__BRIEF__
Of all the entries below, only the lines from the one with "Como ya había" up to and including the one with "1 kép PRINTFASHION" are to be duplicated exactly.

__GIVEN RECORDS__
==============================
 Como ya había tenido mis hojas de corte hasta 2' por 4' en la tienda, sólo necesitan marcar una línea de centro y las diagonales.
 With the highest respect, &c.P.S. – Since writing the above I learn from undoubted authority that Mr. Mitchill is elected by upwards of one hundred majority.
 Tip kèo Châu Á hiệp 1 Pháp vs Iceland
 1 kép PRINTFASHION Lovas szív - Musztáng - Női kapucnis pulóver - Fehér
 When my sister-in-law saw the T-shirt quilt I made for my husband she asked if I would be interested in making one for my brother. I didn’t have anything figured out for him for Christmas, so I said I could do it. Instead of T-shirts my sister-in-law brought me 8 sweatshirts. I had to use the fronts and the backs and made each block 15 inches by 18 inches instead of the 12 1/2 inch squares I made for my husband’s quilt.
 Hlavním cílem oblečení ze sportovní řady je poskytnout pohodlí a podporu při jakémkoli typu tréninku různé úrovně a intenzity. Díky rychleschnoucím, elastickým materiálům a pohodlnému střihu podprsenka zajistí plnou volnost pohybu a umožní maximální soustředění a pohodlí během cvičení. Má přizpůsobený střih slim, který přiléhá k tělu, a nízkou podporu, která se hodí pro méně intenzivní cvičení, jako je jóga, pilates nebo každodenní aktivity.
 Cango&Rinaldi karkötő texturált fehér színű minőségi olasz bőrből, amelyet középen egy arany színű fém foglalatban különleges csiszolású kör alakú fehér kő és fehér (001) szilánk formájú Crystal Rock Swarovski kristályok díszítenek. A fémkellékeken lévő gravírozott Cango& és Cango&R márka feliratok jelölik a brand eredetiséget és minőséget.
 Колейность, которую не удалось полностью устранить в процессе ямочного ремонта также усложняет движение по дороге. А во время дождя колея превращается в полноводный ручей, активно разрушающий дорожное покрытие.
==============================
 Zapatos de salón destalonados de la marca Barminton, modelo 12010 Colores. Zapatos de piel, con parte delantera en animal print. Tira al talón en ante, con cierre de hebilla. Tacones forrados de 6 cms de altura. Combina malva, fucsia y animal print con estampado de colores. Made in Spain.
==============================
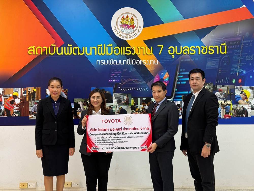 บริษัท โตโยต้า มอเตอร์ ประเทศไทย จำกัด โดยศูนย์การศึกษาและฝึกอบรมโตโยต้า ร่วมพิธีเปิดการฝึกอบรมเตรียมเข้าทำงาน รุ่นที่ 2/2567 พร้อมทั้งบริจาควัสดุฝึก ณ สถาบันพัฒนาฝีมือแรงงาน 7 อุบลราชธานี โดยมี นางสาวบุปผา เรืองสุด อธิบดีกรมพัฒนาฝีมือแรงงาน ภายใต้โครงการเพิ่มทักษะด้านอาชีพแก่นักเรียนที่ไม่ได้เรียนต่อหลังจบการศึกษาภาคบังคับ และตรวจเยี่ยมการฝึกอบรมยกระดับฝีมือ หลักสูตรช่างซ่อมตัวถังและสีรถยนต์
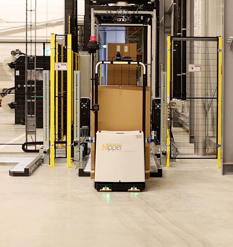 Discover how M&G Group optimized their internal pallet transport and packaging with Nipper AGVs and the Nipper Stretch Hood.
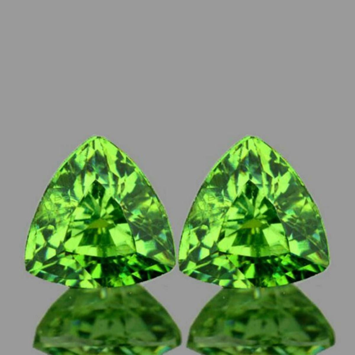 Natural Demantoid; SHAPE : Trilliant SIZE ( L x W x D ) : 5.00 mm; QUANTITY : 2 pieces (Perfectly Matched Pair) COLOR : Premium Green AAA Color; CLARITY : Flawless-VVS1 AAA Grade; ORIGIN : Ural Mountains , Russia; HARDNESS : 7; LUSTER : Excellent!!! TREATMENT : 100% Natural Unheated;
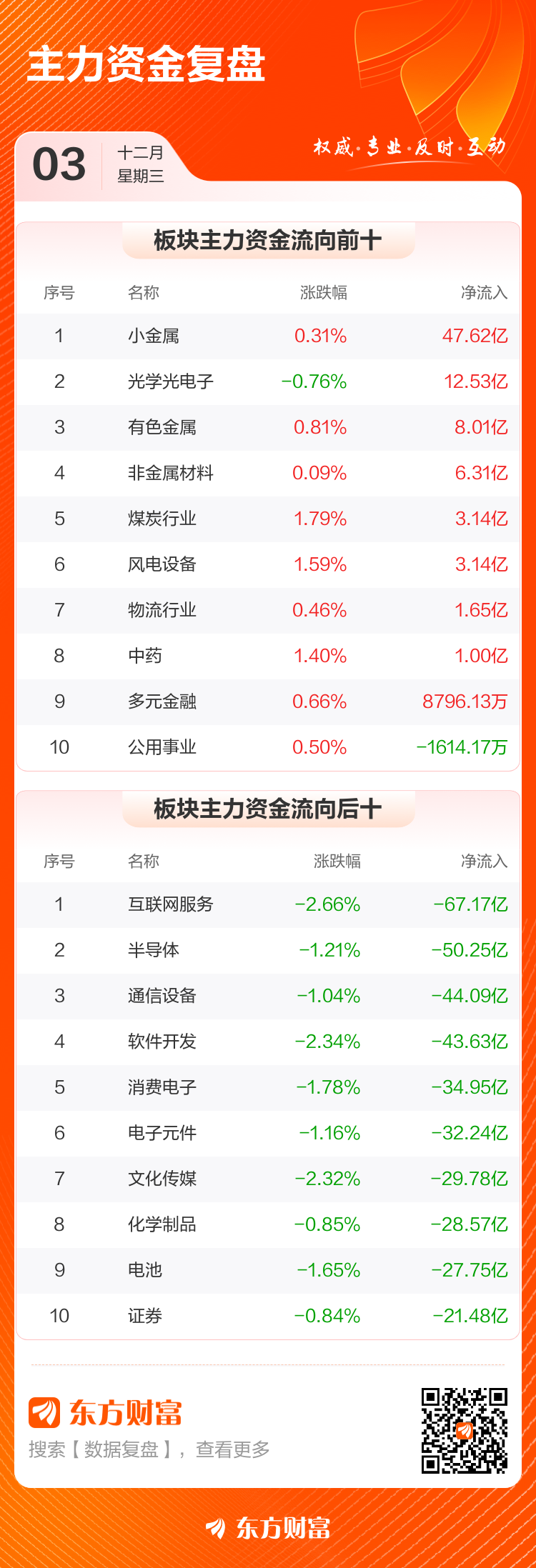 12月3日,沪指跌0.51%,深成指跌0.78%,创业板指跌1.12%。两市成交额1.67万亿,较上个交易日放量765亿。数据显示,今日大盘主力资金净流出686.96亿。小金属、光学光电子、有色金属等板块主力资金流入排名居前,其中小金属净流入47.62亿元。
==============================
__SOLUTION FOR THIS PROBLEM__
 Como ya había tenido mis hojas de corte hasta 2' por 4' en la tienda, sólo necesitan marcar una línea de centro y las diagonales.
 With the highest respect, &c.P.S. – Since writing the above I learn from undoubted authority that Mr. Mitchill is elected by upwards of one hundred majority.
 Tip kèo Châu Á hiệp 1 Pháp vs Iceland
 1 kép PRINTFASHION Lovas szív - Musztáng - Női kapucnis pulóver - Fehér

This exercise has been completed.